Assets of the dead: wealth, investment, and modernity in nineteenth- and early twentieth-century England and Wales

Green, David R.; Owens, Alastair; Swan, Claire and van Lieshout, Carry (2011). Assets of the dead: wealth, investment, and modernity in nineteenth- and early twentieth-century England and Wales. In: Green, David R.; Owens, Alistair; Maltby, Josephine and Rutterford, Janette eds. Men, women, and money: perspectives on gender, wealth, and investment 1850-1930. Oxford University Press.

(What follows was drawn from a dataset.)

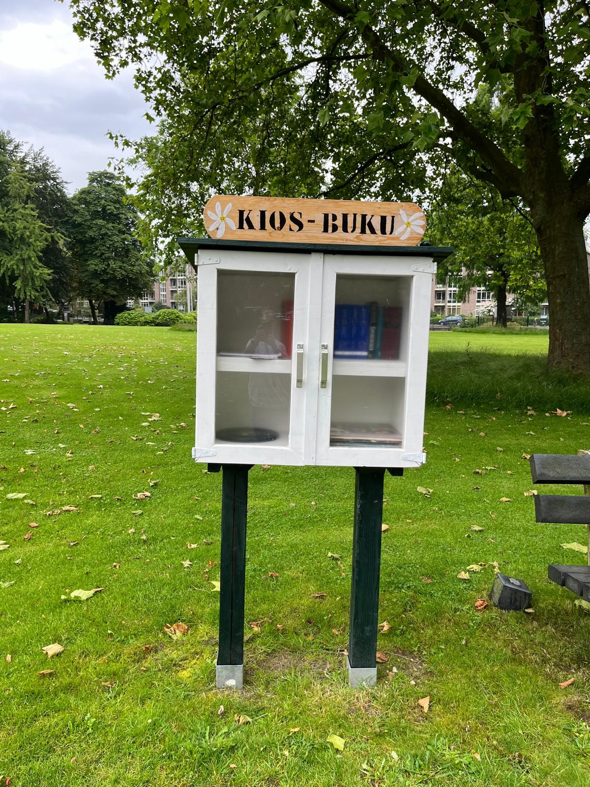 Een bewoner van Koninklijk Tehuis voor Oud-Militairen en Museum Bronbeek heeft de Kios-Buku afgelopen winter vervangen. Met ondersteuning van het Facilitair Bedrijf Defensie is een nieuwe kast gemaakt. De vorige boekenkast, ook gemaakt door een bewoner, was helaas niet meer te redden.

DOI: https://doi.org/10.1093/acprof:oso/9780199593767.003.0003

Abstract

At the start of the twentieth century the sociologist, Georg Simmel, suggested that the emergence of the money economy was one of the key transformations to have taken place in modern society. In the context of late nineteenth- and early twentieth-century Britain, this chapter explores the composition of wealth that underpinned that view. For a representative group of ordinary wealth holders, it examines the relative importance of different assets owned at death, including land, noting how a growing number of these individuals invested their money in company stocks and shares. Traditional forms of investment, notably government bonds, declined in importance until the First World War. Women as well as men participated in this emerging money economy based on the ownership of financial assets. Growing numbers of individual shareholders were matched by their widening geographical scope, suggesting that the spread of the money economy was a national phenomenon.